### Work task
Omit every picture, then give all the entries again exactly.

******************************

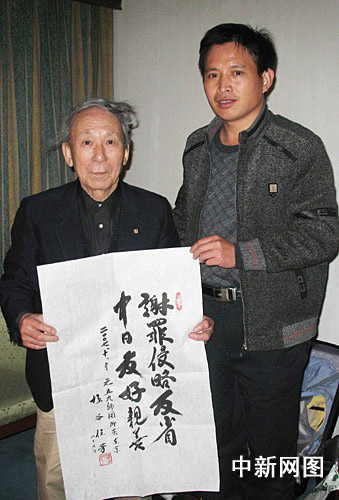 原日本侵华日军59师团45中队退伍老兵盐谷保芳日前再次来到中国山东泰安抗日烈士陵园谢罪,并向陵园敬献了“谢罪侵略反省,中日友好亲善”牌匾,以特殊方式传达日本人民致力中日友好的信息。
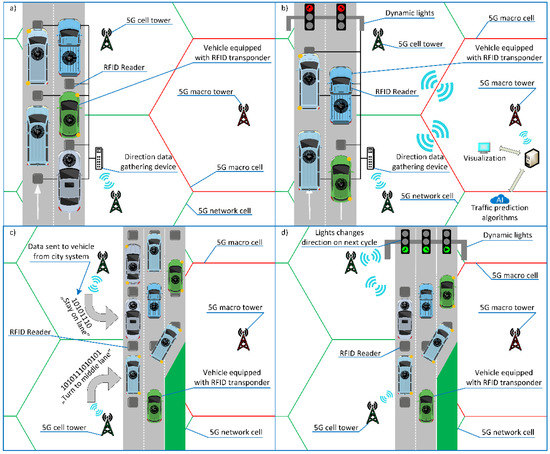 The operation of the proposed system will be presented using Figure 4 divided into parts (a–d), where vehicles drive forward in two or three lanes. The vehicles have RFID transponders embedded during production or mounted as stickers. RFID readers are installed inside the road infrastructure and connected to the device collecting the RFID data from vehicles on each lane (Figure 4a). RFID transponders contain all the important data related not only to the vehicle characteristics, but also to information on how the driver should drive to reach the destination from the starting point. The solution assumes that vehicle-to-infrastructure (V2I) communication takes place via 5G. The collector device forwards the data acquired from the RFID readers to the traffic management center via the nearest 5G cell tower (Figure 4b). The system analyzes traffic data in real time and forecasts the traffic volume at the nearest intersections. Consequently, the system is able to manage the change of traffic lights depending on how many vehicles are in a certain lane. The driver receives feedback from the city management control system via an on-board equipment inside the vehicle, such as a navigation or driving assistant (Figure 4c), which signals the established traffic arrangement (Figure 4d).
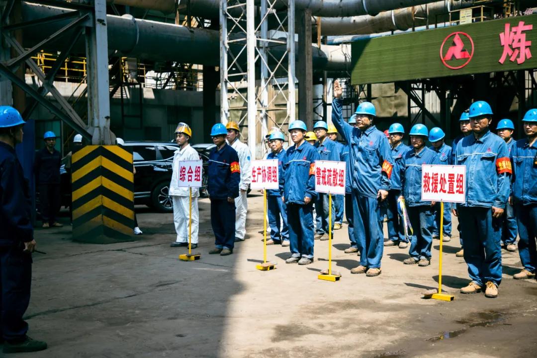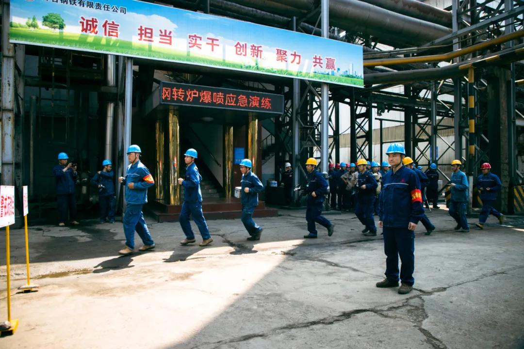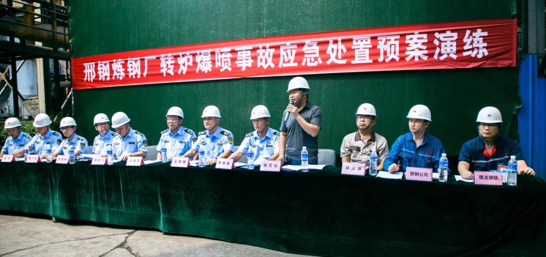 隨后,參會人員一起現(xiàn)場觀摩了邢鋼高溫熔融金屬爆噴事故現(xiàn)場應急處置演練。本次演練,模擬煉鋼廠加料跨天車向2#轉(zhuǎn)爐加廢鋼時發(fā)生爆噴為背景,演示了事故上報、安全疏散、預案啟動、現(xiàn)場搶險、應急救援等環(huán)節(jié)。
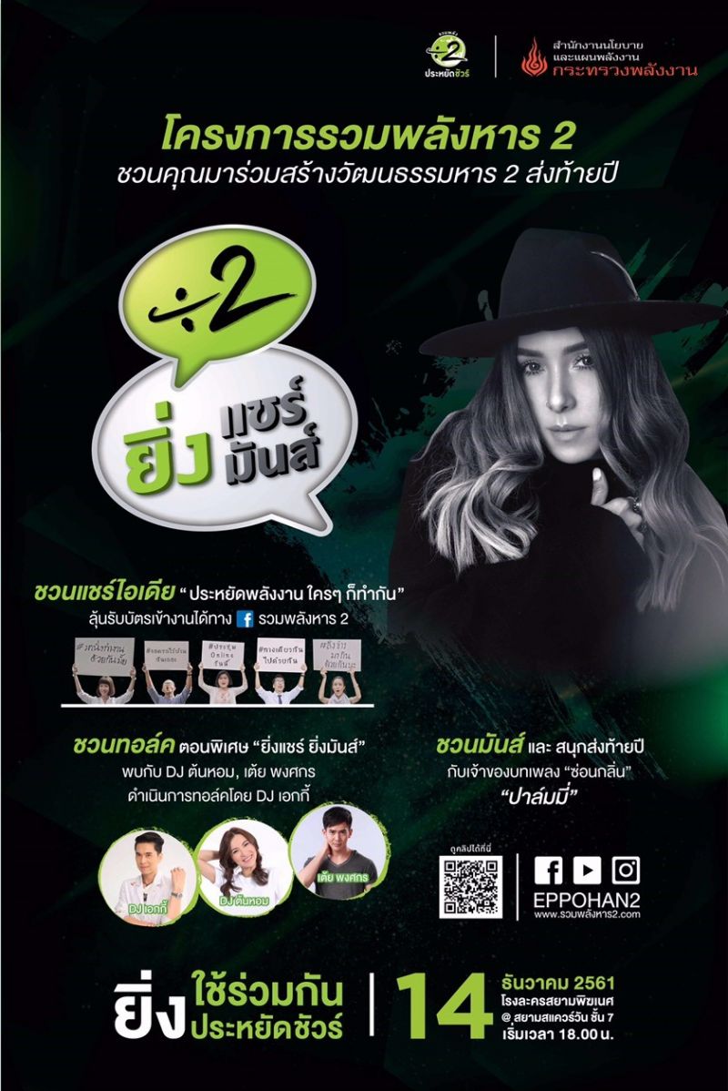 โครงการรวมพลังหาร 2 โดยสำนักงานนโยบายและแผนพลังงาน (สนพ.) กระทรวงพลังงาน ต่อยอดความสำเร็จกระแสคลิปวัฒนธรรมหาร 2 เตรียมจัดกิจกรรม“หาร 2ยิ่งแชร์ ยิ่งมันส์” ดึงศิลปินดังขวัญใจวัยแชร์คับคั่งร่วมสร้างสีสันแคมเปญพร้อมรณรงค์คนไทย‘ชวนกันแชร์ แบ่งกันใช้’ต่อเนื่อง
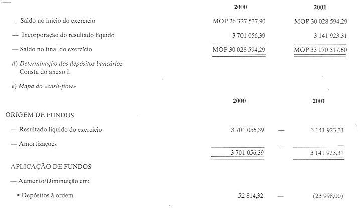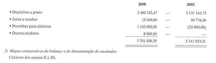 4. Notas explicativas às contas respeitantes ao exercício de 2001
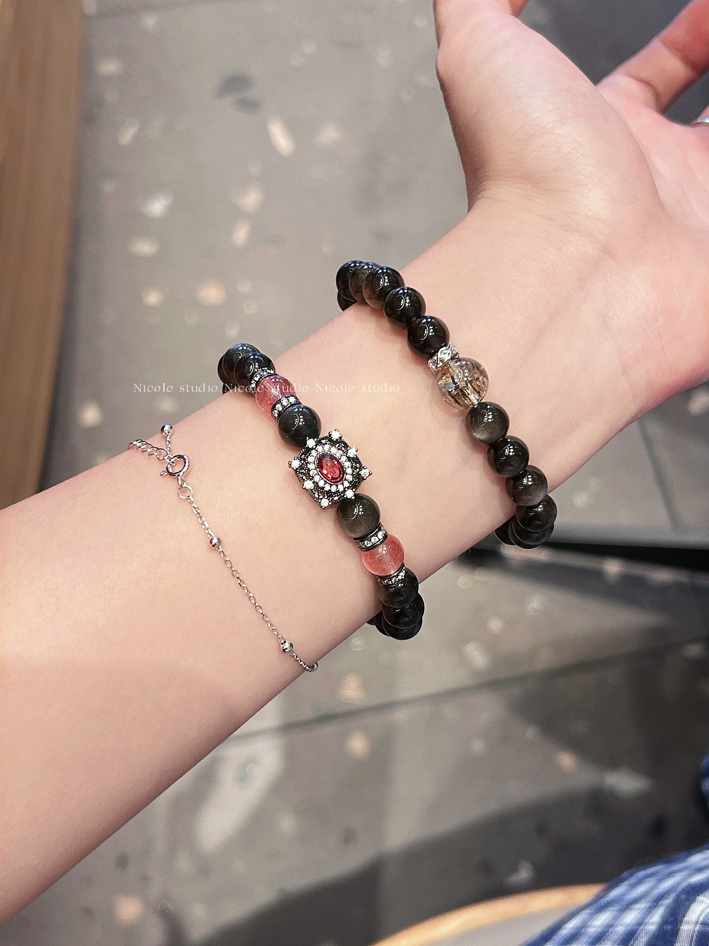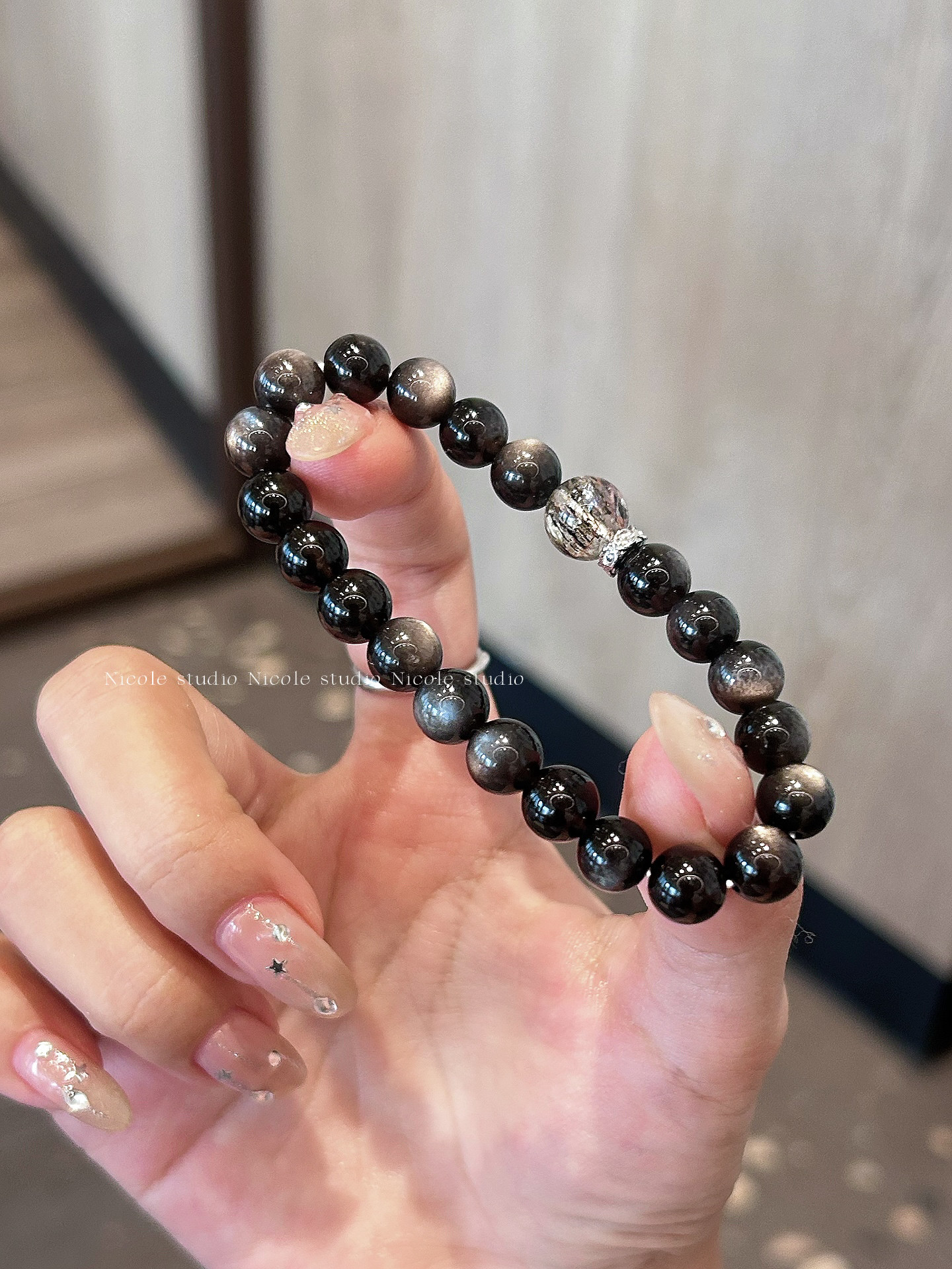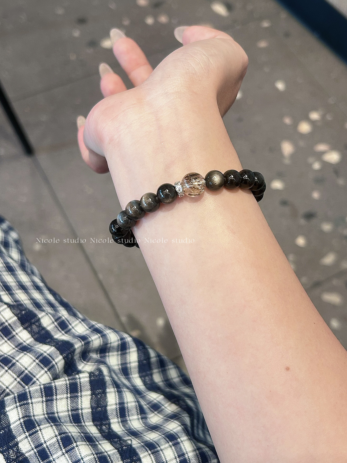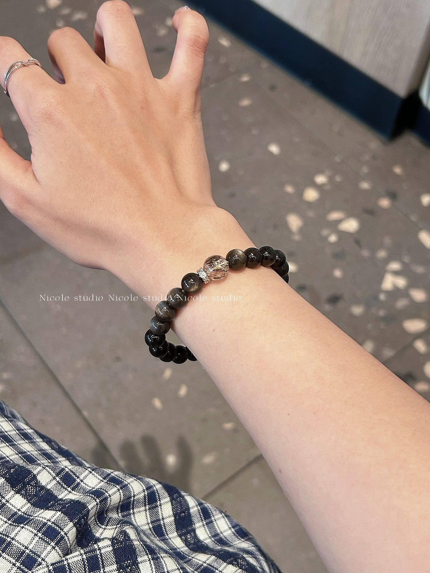 Nicole「黑祭司」原创天然银曜石手串黑金超七转运手链高级礼物

******************************

### Answer
 原日本侵华日军59师团45中队退伍老兵盐谷保芳日前再次来到中国山东泰安抗日烈士陵园谢罪,并向陵园敬献了“谢罪侵略反省,中日友好亲善”牌匾,以特殊方式传达日本人民致力中日友好的信息。
 The operation of the proposed system will be presented using Figure 4 divided into parts (a–d), where vehicles drive forward in two or three lanes. The vehicles have RFID transponders embedded during production or mounted as stickers. RFID readers are installed inside the road infrastructure and connected to the device collecting the RFID data from vehicles on each lane (Figure 4a). RFID transponders contain all the important data related not only to the vehicle characteristics, but also to information on how the driver should drive to reach the destination from the starting point. The solution assumes that vehicle-to-infrastructure (V2I) communication takes place via 5G. The collector device forwards the data acquired from the RFID readers to the traffic management center via the nearest 5G cell tower (Figure 4b). The system analyzes traffic data in real time and forecasts the traffic volume at the nearest intersections. Consequently, the system is able to manage the change of traffic lights depending on how many vehicles are in a certain lane. The driver receives feedback from the city management control system via an on-board equipment inside the vehicle, such as a navigation or driving assistant (Figure 4c), which signals the established traffic arrangement (Figure 4d).
 隨后,參會人員一起現(xiàn)場觀摩了邢鋼高溫熔融金屬爆噴事故現(xiàn)場應急處置演練。本次演練,模擬煉鋼廠加料跨天車向2#轉(zhuǎn)爐加廢鋼時發(fā)生爆噴為背景,演示了事故上報、安全疏散、預案啟動、現(xiàn)場搶險、應急救援等環(huán)節(jié)。
 โครงการรวมพลังหาร 2 โดยสำนักงานนโยบายและแผนพลังงาน (สนพ.) กระทรวงพลังงาน ต่อยอดความสำเร็จกระแสคลิปวัฒนธรรมหาร 2 เตรียมจัดกิจกรรม“หาร 2ยิ่งแชร์ ยิ่งมันส์” ดึงศิลปินดังขวัญใจวัยแชร์คับคั่งร่วมสร้างสีสันแคมเปญพร้อมรณรงค์คนไทย‘ชวนกันแชร์ แบ่งกันใช้’ต่อเนื่อง
 4. Notas explicativas às contas respeitantes ao exercício de 2001
 Nicole「黑祭司」原创天然银曜石手串黑金超七转运手链高级礼物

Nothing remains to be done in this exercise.